There are many techniques that can have an impact on lowering gas usage; all it takes is good sense and paying attention to finer details.

Avoiding Heat Loss

Staying warm on the surface and underwater is fundamental to saving gas. When we are cold, our body’s metabolism accelerates to generate additional heat, which requires metabolic fuel in the form of oxygen and calories. As a consequence, we breathe more in an effort to meet the metabolic demand. Wearing proper thermal protection while on the surface before the dive, and while under water during the dive will help prevent heat loss by keeping our metabolism in check. This, in turn will help lower overall gas consumption.

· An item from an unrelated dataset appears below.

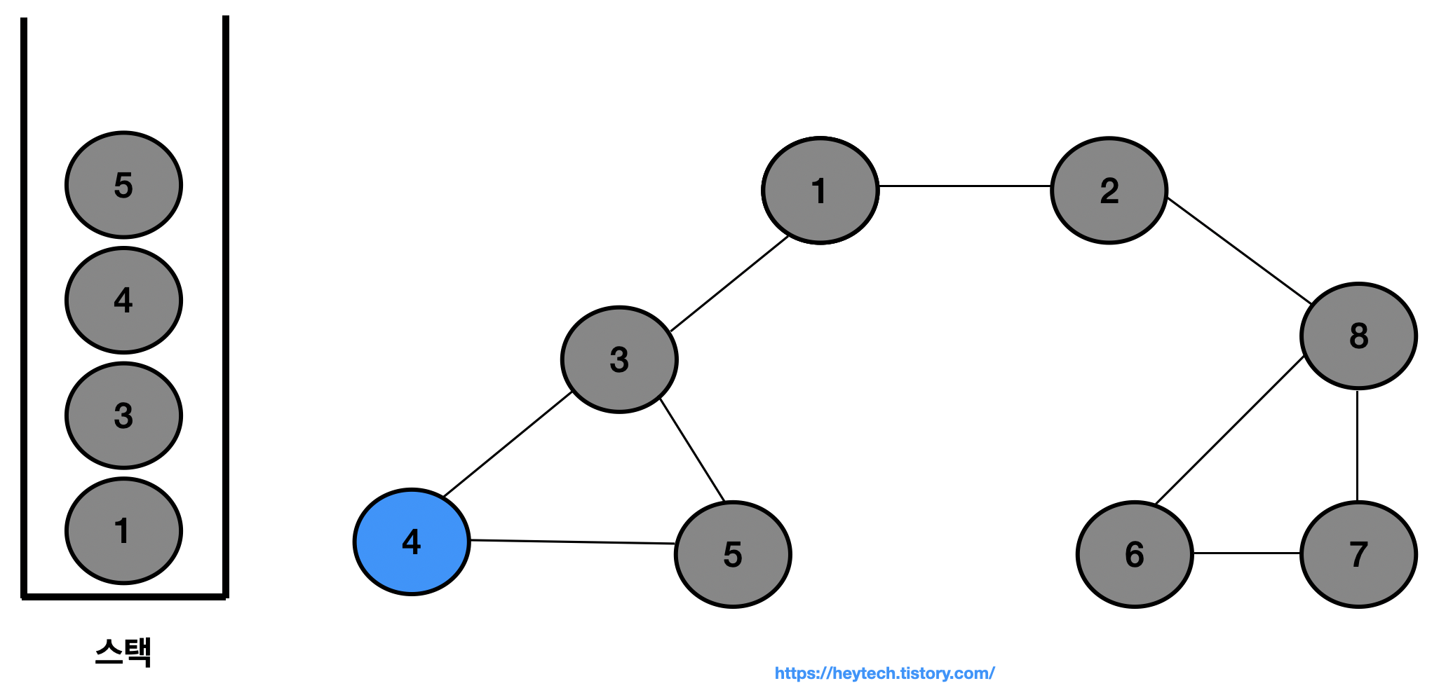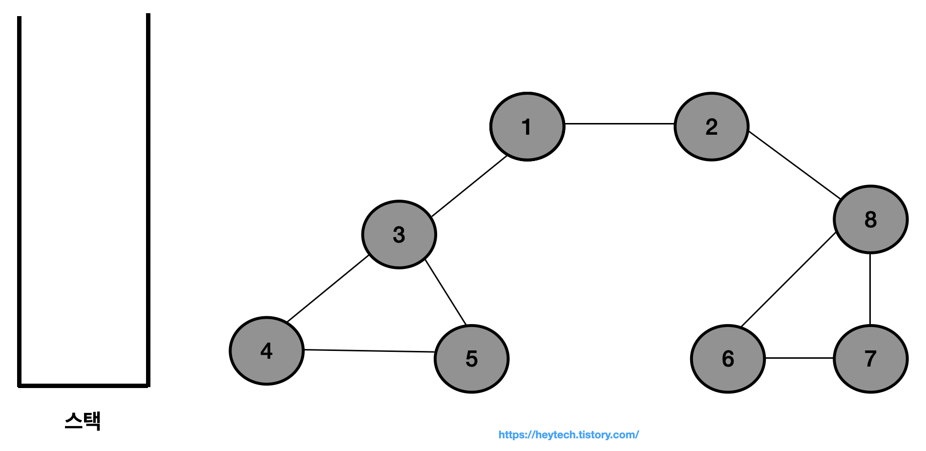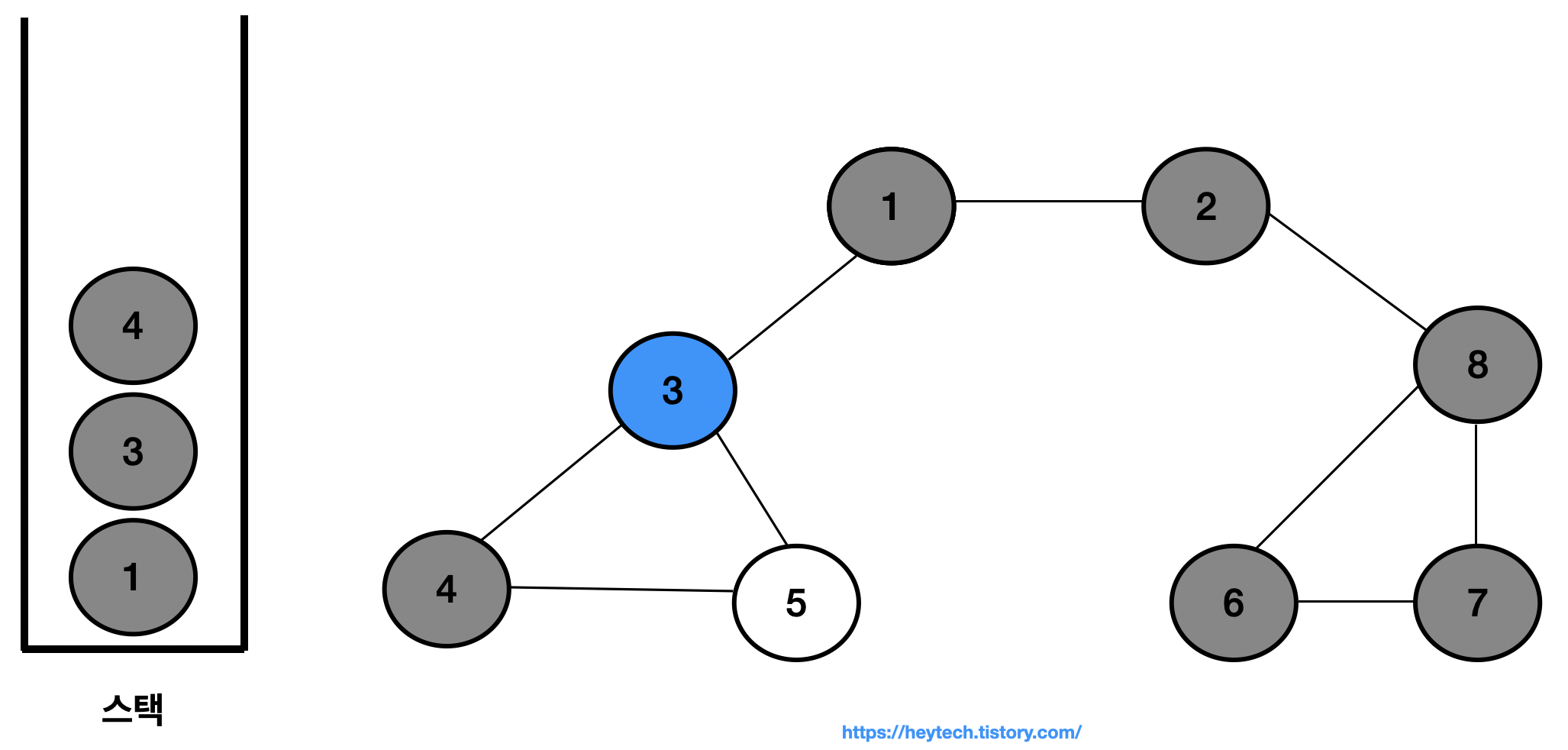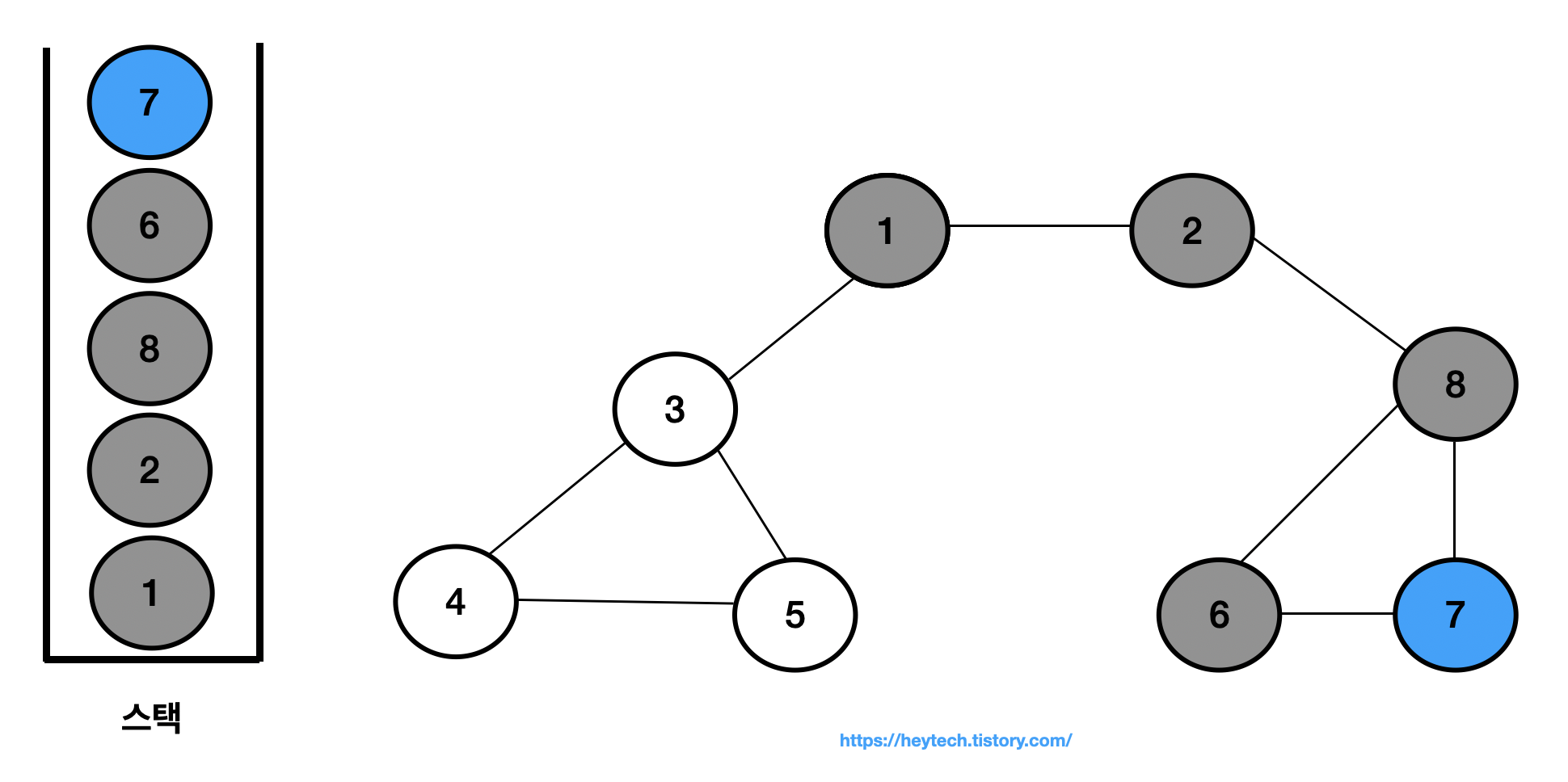 이제 아래 그림 1 과 같은 그래프 예시를 통해 DFS 동작 과정을 알아보겠습니다. 노드 1을 시작 노드로 설정하겠습니다. 일반적으로 인접한 노드가 2개 이상인 경우에는 해당 노드들 중 번호가 낮은 노드부터 처리합니다. 편의상 현재 처리 중인 스택 내 최상단 노드는 파란색으로,방문 처리한 노드는회색으로 표시하겠습니다.

Every person has a “comfort threshold;” the edges on either side of their comfort range at which they become uncomfortably warm or cold. However, most people do not consider the rate of heat loss as a factor in their overall comfort. For example, people generally feel comfortable until their skin temperature reaches approximately 29°C / 84°F). Though, an air temperature of 29°C / 84°F) is very comfortable; we wear light clothing, shorts and sandals. In the water, heat is absorbed 25 times faster than air at the same temperature. A water temperature of 29°C / 84°F) is also quite nice; however, a diver who stays in water at this temperature for an extended period of time will lose body heat at a dangerous rate, without realizing it. For this reason, any time a diver feels that he is cold, whether on the surface or under water, he must increase his thermal protection. Of course, it is best for divers to prevent this altogether by wearing the appropriate thermal protection to begin with.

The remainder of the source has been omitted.